The following section details the main steps of the workflow.

1. Concatenates input files and generate per read stats.

The fastcat/bamstats tool is used to concatenate multi-file samples to be processed by the workflow. It will also output per read stats including average read lengths and qualities.

2. Stranding and identification of full-length reads

Reads derived from a 10x Genomics library will ideally be flanked by two different adapter sequences. These reads are more likely to represent full length mRNA molecules, although that isn't guaranteed as some cDNAs may have been created by internal priming or represent other cDNA synthesis artifacts. See this 10x Genomics Technical Note for more information.

This stage of the workflow assigns an adapter configuration to each read. This assigned configurations allows the stranding and orientating the reads. The following schematic shows an example read structure from 10x Genomics 3′ library .

10x read structure

Fig.1 Read structure for 10x 3prime kit reads

Adapter are located within the reads using vsearch (Read1 and TSO in Fig.1 in the case of the 3prime kit). The table below details the adapter sequences for each of the 10x Genomics kits, along with links to the relevant user guides.

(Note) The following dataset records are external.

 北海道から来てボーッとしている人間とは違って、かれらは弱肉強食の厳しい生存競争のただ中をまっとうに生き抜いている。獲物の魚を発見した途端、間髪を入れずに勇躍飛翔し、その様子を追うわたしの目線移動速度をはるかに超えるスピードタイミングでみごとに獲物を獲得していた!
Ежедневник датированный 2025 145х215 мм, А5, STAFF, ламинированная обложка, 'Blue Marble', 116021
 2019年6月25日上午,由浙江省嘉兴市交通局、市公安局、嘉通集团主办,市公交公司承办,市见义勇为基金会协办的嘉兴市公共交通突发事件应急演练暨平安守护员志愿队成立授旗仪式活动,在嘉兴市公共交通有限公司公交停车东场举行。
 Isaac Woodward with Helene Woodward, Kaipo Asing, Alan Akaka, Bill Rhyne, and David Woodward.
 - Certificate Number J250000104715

Kit adapter1 adapter2 10x user guide
3′ CTACACGACGCTCTTCCGATCT ATGTACTCTGCGTTGATACCACTGCTT 3' kit
multiome CTACACGACGCTCTTCCGATCT ATGTACTCTGCGTTGATACCACTGCTT 5' kit
5′ CTACACGACGCTCTTCCGATCT GTACTCTGCGTTGATACCACTGCTT multiome kit

Concatenated reads are identified by adapter configuration and are split into individual subreads and reorientated if required. The following table details the various configurations and the actions taken for each.

configuration action
Full length Reads are trimmed from each side and oriented and adapter2 is removed
Single adapter1 Reads are oriented and trimmed from adapter1 end only
Single adapter2 Reads are oriented and trimmed from the adapter2 end only
double adapter1 Reads are trimmed from both sides
double adapter2 Reads are trimmed from both sides
other No valid adapters found; not used in further analysis

Adapter configuration summaries can be found in the output file {{ alias }}/{{ alias }}.config_stats.json"

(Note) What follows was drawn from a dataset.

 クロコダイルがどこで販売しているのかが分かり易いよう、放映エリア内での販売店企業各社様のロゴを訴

To only process full length reads the option --full_length_only should be set to true (default: true). If set to false, reads with only a single adapter or other non-full-length adapter configurations will also be processed.

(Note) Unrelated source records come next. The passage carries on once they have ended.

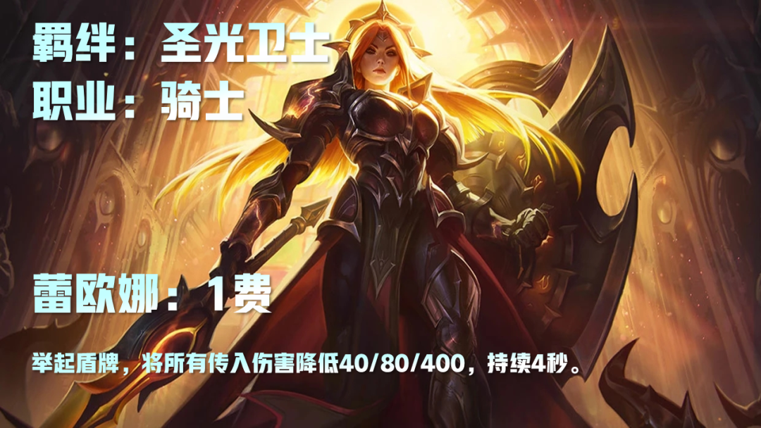 云顶之弈s5蕾欧娜技能及羁绊是什么?全新的S5赛季将开启,可能很多的小伙伴们都想要提前了解一下关于蕾欧娜这一角色在新赛季里面的变动,为了帮助大家更快的了解这一游戏角色在全新的赛季里面的相关信息,小编专门为大家整理出了相关的数据,希望大家会喜欢!云顶之弈s5蕾欧娜技能及羁绊介绍蕾欧娜1费英雄羁绊:圣光卫士,骑士技能:蕾欧娜举起盾牌,降低40/80/400点受到的所有伤害,持续4秒!以上就是本期小编为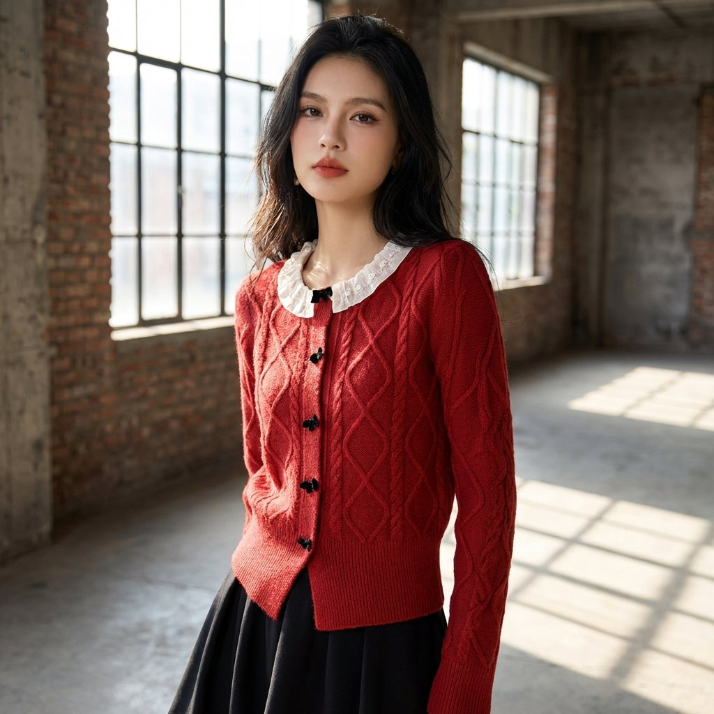 - Estilo: Moda coreana, Vintage, Chique, Elegante. Este cardigã reflete a estética refinada da moda coreana, perfeito para um look casual ou sofisticado.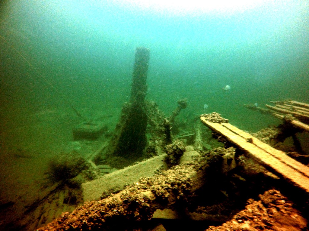 This wreck is named for its proximity to the Kingston Psychiatric Hospital. It is also known as the Water Lily. It’s a wooden double boiler wreck. The back of the wreck is destroyed but the rest of the ship is in decent condition. It is protected by shoals from a lot of the lake effect weather. There are two parallel boilers. The depth is approximately 60 ft. The KPH has been roughly measured to 135 ft long.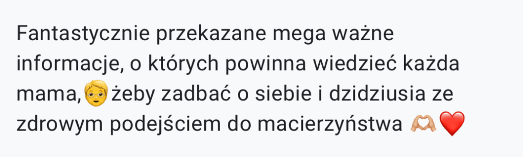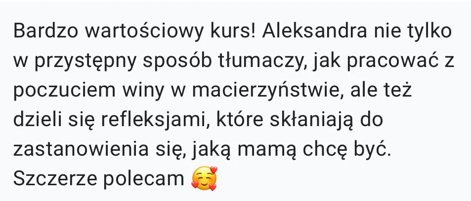 czujesz się spełniona jako mama, jesteś obecna. Potrafisz nawigować swoimi emocjami, stawiać granice, działać w zgodzie z wartościami i dzięki temu tworzyć wspierające środowisko dla dziecka. Te umiejętności są dla Ciebie dostępne i mogą pomóc w tworzeniu pięknej relacji ze swoim dzieckiem!

3. Extract cell barcodes and UMIs

The next step is to extract 10x Genomics barcodes and UMI sequences from the stranded and trimmed reads.

In order to do this, the first 100bp of each read are aligned to a reference probe using parasail. This probe contains a suffix of the adapter1 sequence, some ambiguities ("Ns") representing the barcode and UMI, and a polyT tract.

probe image

Fig.2 Schematic of a 3′ v3 probe aligned to the read prefix

In this case, the first 16bp of the read that aligns to the N probe region is where the barcode is expected to be, so this sequence is assigned as uncorrected barcode. The following 12 bp are where the UMI is expected, and is assigned to uncorrected umi.

The probe sequence will vary depending on the size of the expected barcode and UMI, which can be found in the following table.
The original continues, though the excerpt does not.